Olivier El Khoury

Radja Nainggolan, le coup fumant ?

Olivier El Khoury Ecrivain, supporter et fidèle milieu de terrain en P4.

Nice, juin 2016, phase de poules de l’EURO. Je suis dans la tribune derrière le goal, au premier rang. Pile dans la trajectoire de la balle. Si le filet se troue, je la prends en plein dans le visage. Et il aurait pu se trouer, à cette puissance, on a déjà vu des choses moins étonnantes se produire. Alors plutôt que de célébrer, je me retourne dans un réflexe et je me protège la tête avec mon bras, comme pour éviter un poing dans la gueule, moi qui ne sais pas me battre. Sauf que c’est pas un poing qui déchire le petit filet, mais la frappe de Radja Nainggolan, un véritable missile.

Le Ninja est un punk, et pas que dans la dégaine.
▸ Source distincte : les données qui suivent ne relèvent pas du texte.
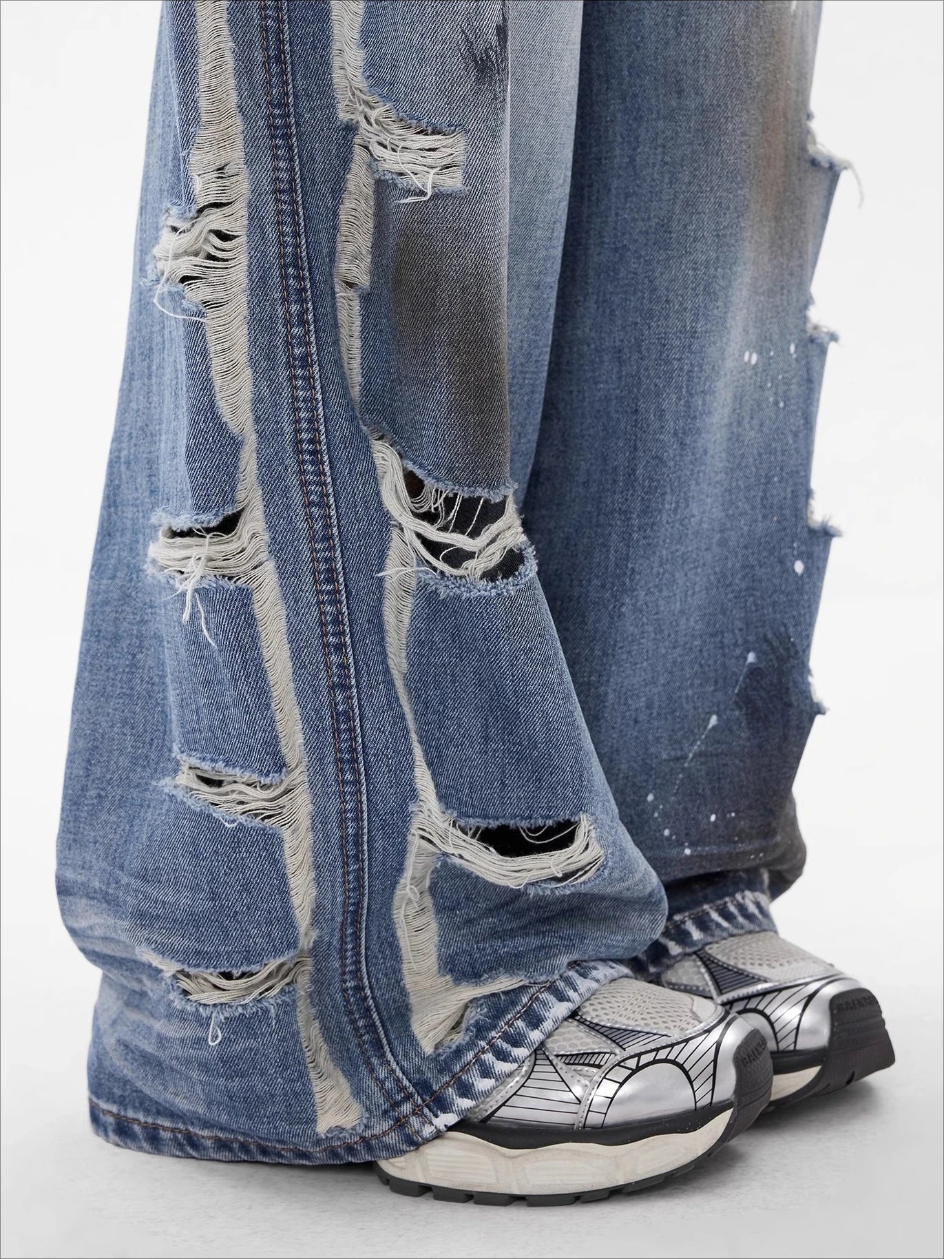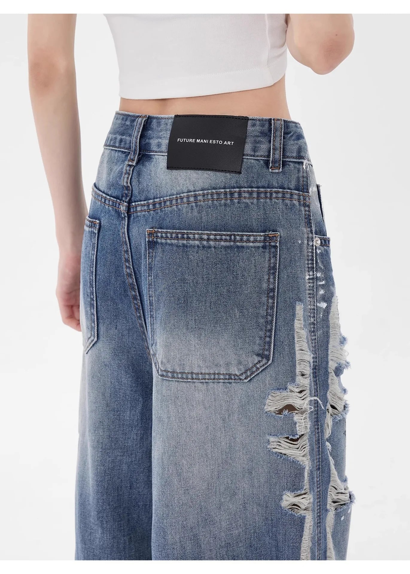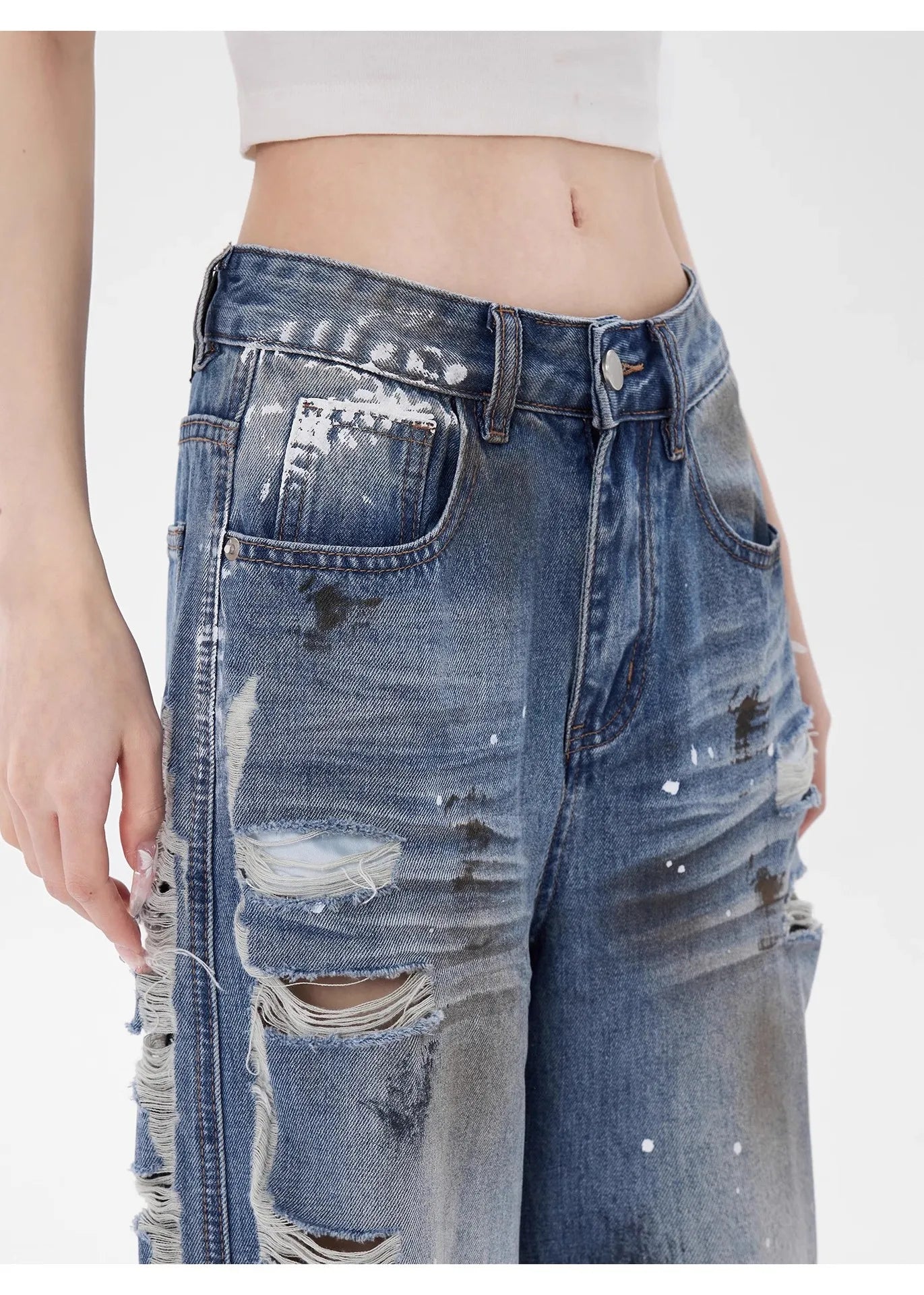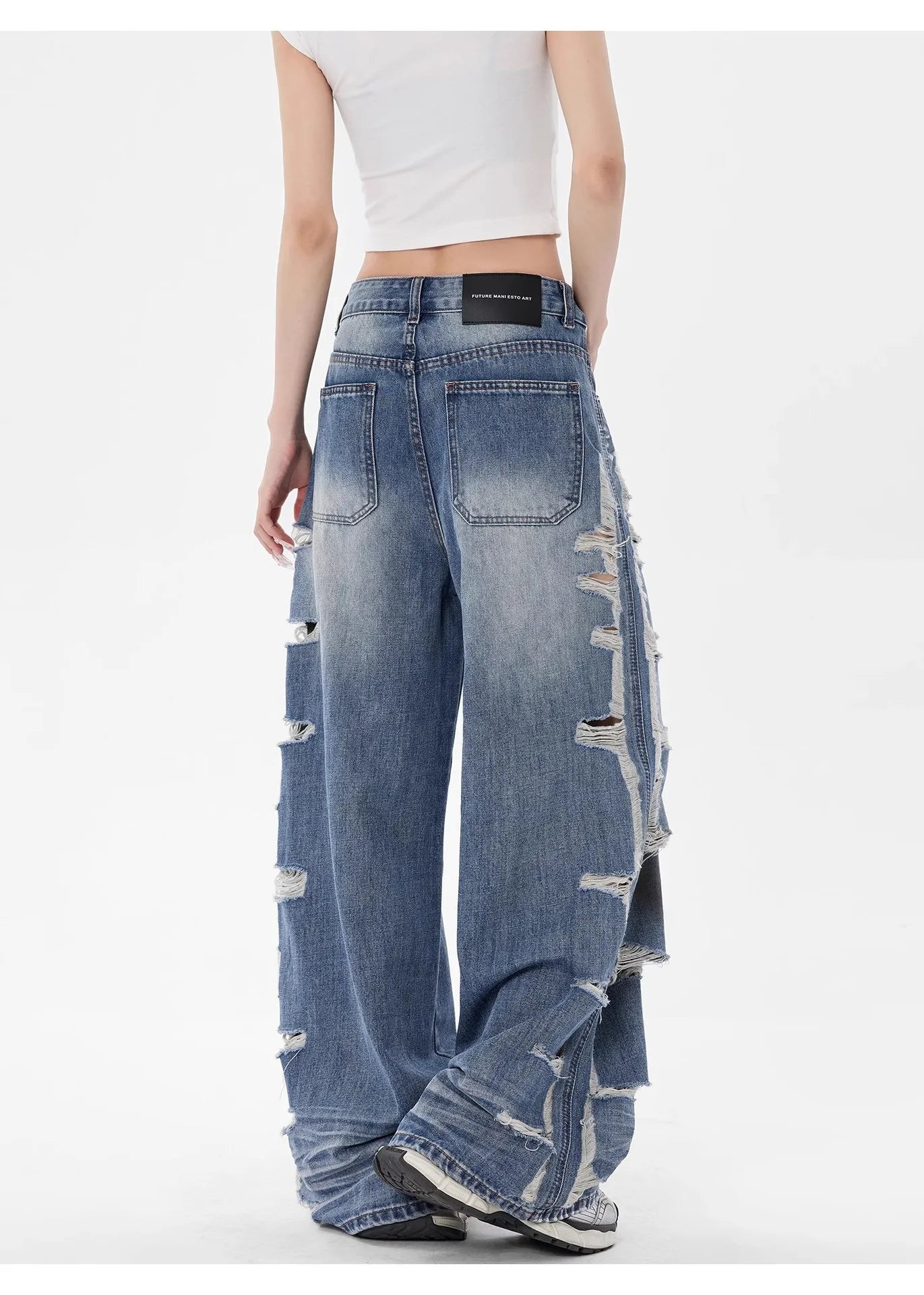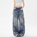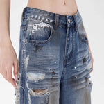 Loose fit distressed denim jeans crafted for a bold, retro inspired streetwear look. These jeans feature a high rise waist, heavily ripped details, and a raw edge hem for a rugged. The wide leg cut provides effortless movement and a relaxed silhouette, while the faded wash adds a worn in, vintage appeal. Perfect for pairing with crop tops, graphic tees, or oversized jackets for an edgy everyday outfit.

Au bout de 80 minutes d’ennui passées à admirer le spectacle des supporters suédois dans les tribunes, à défaut d’avoir un match intéressant à me mettre sous la dent, j’ai vu Radja réceptionner un centre de Hazard à l’entrée de la surface, il l’a contrôlé d’un rebond et avec une technique et une force uniques, il a pulvérisé Isaksson et les rêves de qualifications de la bande à Ibra. Contrôle hors du rectangle, patate et goal. Sa spéciale. Il l’a fait avec Cagliari, il l’a fait avec Rome, il l’a fait avec l’Inter, c’est sa signature.
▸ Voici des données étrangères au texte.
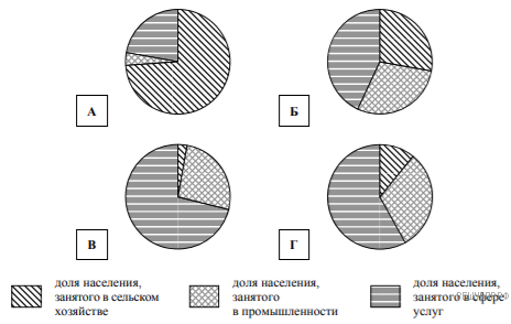Определите, структуру занятости населения какой страны отражает каждая диаграмма. Запишите в ответе порядковые номера стран под соответствующими буквами.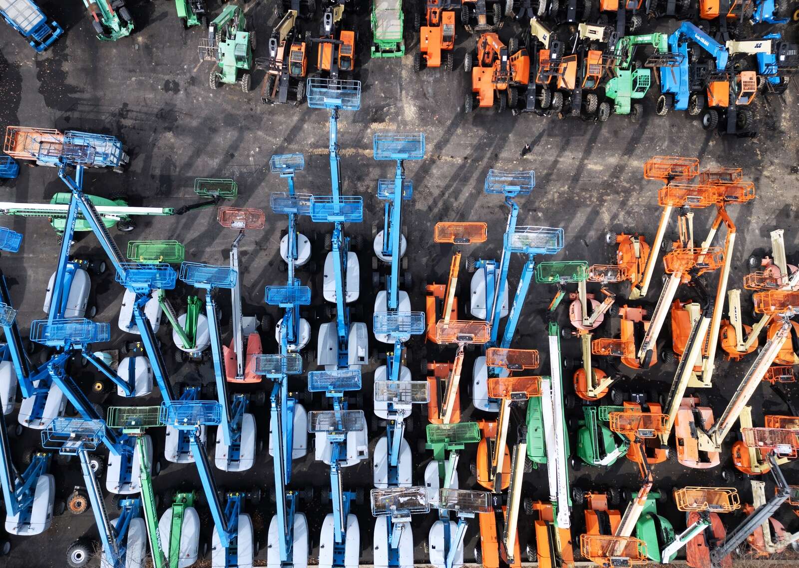 The tiny shadow of a worker is cast in the parking area of industrial equipment, including boom lifts, at Illinois Lift Equipment along Industrial Drive in Cary. The company’s website says they sell new and used forklifts, scissor lifts, boom lifts and provide rentals, service and part sales. The company states more than 1000 used forklifts are in stock.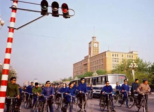 1981年,北京。北京市民騎著黑色或灰色的自行車趕去上班。當(dāng)時(shí)每三個(gè)人中,只有一人能幸運(yùn)地?fù)碛幸惠v自行車。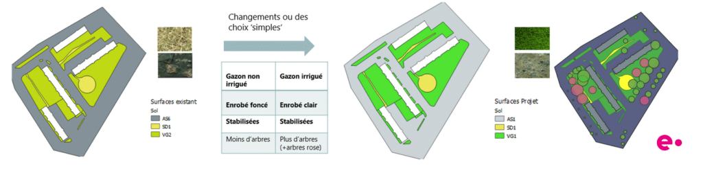 Par exemple ici vous pouvez voir des changements simples sur une place (changer le type d’enrobé, irriguer plus et changer le gazon, et planter plus d’arbres). Avec ce genre d’action, il est possible de voir une amélioration de 2°C dans la moyenne des températures de surface des journées.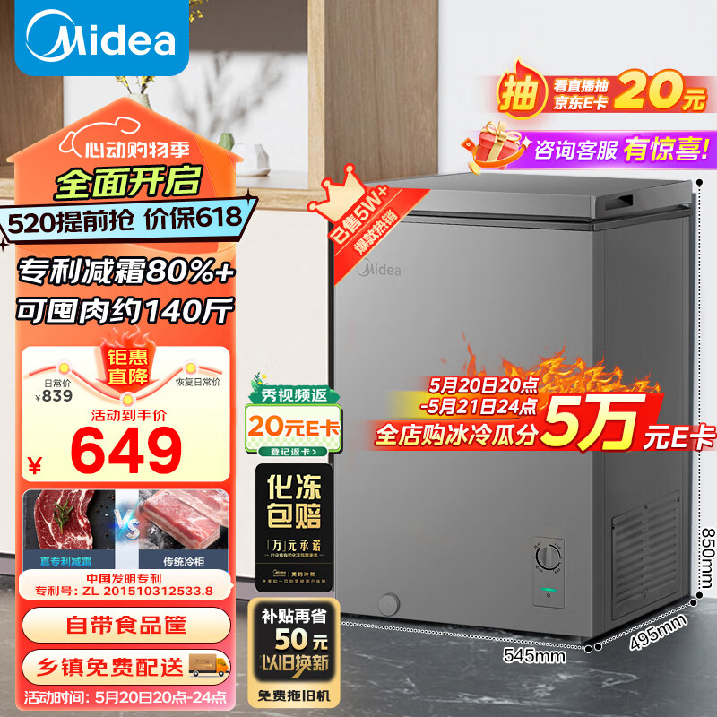 美的(Midea)100升低霜小冰柜家用冷藏冷冻两用一级能效母乳茶叶保鲜柜小型冷柜冰箱BD/BC-100KMF(E) 以旧换新价格:699.00元!
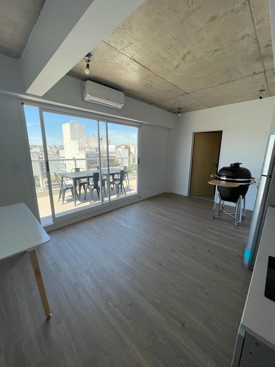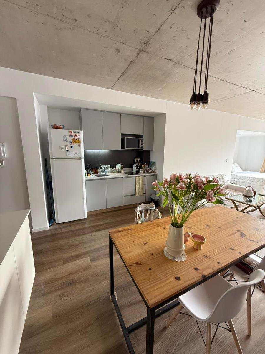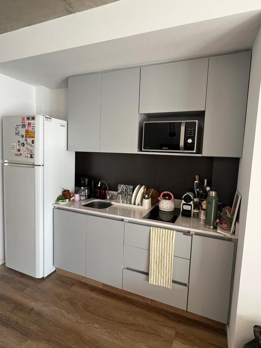El departamento es contrafrente en un piso muy alto. Cuenta con cocina integrada eléctrica con anafe vitrocerámico.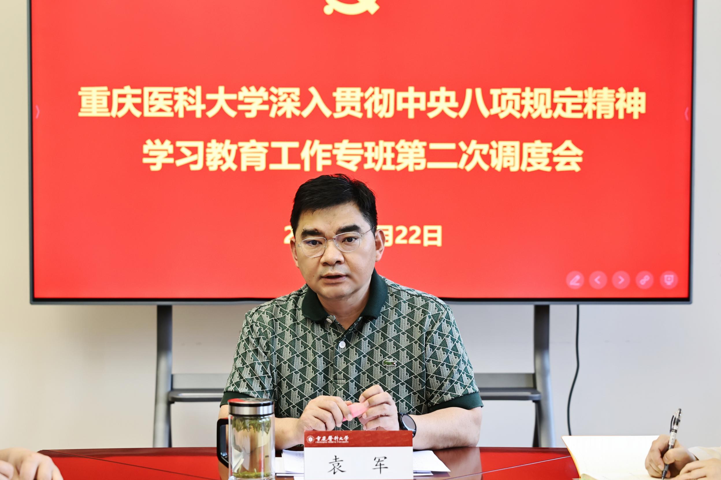 5月22日下午,荣耀体育在线登录入口深入贯彻中央八项规定精神学习教育工作专班举行第二次调度会。校党委副书记、副校长袁军主持会议并讲话。

À l’époque où il jouait à Rome, je le comparais à Arturo Vidal, et pas seulement à cause de leur excentricité capillaire ou des mètres carrés de peau tatoués. Un milieu tout terrain, bas sur ses appuis, agressif voire salopard, rapide et sec sur l’homme. Et avec une frappe phénoménale. Un profil hyper rare. Je n’ai toujours pas digéré que Martínez ne l’ai pas emmené avec lui à la Coupe du monde. Et à ceux qui me rappellent « regarde ce qu’on a réussi à faire sans lui », je rétorque « imagine ce qu’on aurait pu faire avec lui ». Sans doute trop de personnalité pour le tiède sélectionneur. Mais imaginez. Un paquet de tripes parmi les braves, des litres de sueur, de l’encre sur les muscles, un peu de sang, et quelques coquards. Le gladiateur romain aurait pu faire de la Russie son arène. Car qui n’a pas besoin d’un chien pour monter la garde et aboyer quand on s’en prend à ses troupes.

Et quoi si on l’a vu clope au bec, bière en main? Et quoi si son look dérange? Si ses excentricités sont incomprises? Le Ninja est un punk, et pas que dans la dégaine. Un peu de relief dans ce monde policé, un peu de crasse, enfin!

Aujourd’hui, le bulldog va labourer les terrains de la Pro League et j’ai encore du mal à y croire. Du mal à croire que personne d’autre que l’Antwerp n’ait pensé à lui ou ait eu l’envie de sortir le chéquier. Et je ne parle pas de Bruges qui a déjà un milieu stable et bien rôdé. En Allemagne? En Angleterre? Même en Turquie? Personne? Tant mieux pour nous, à vrai dire. Et tant mieux pour l’Antwerp et ses supporters. Pourvu que la qualité des mailles de nos filets soit suffisante pour les ogives de Radja. Et que ce ne soit pas un énième retour raté d’une de nos vedettes. Parce qu’on en a vu des Defour, des Mirallas, entre autres, anciennes gloires venues se la couler douce dans le championnat belge en guise de pré-pension.

Alors peut-être que Radja est une imposture, qu’il débarque en méforme, qu’il est déjà bon pour la casse ou qu’il cache un vice de procédure. Peut-être que c’est pour cela que personne d’autre n’est sur le coup. Mais s’il nous arrive en forme, on va pouvoir se régaler. Et c’est un risque mesuré si l’on en croit le président du matricule 1 qui relativise le salaire de son nouveau joueur. Taclant au passage le rival brugeois et ses dirigeants: « Qui préfériez-vous, Nainggolan pour deux millions par an ou Vanaken pour trois? ».

Pour l’heure, on préfère voir des tacles sur le terrain, avec plus de classe. Et avec l’ex-Diable rouge, on risque d’être servi. Welcome, Radja.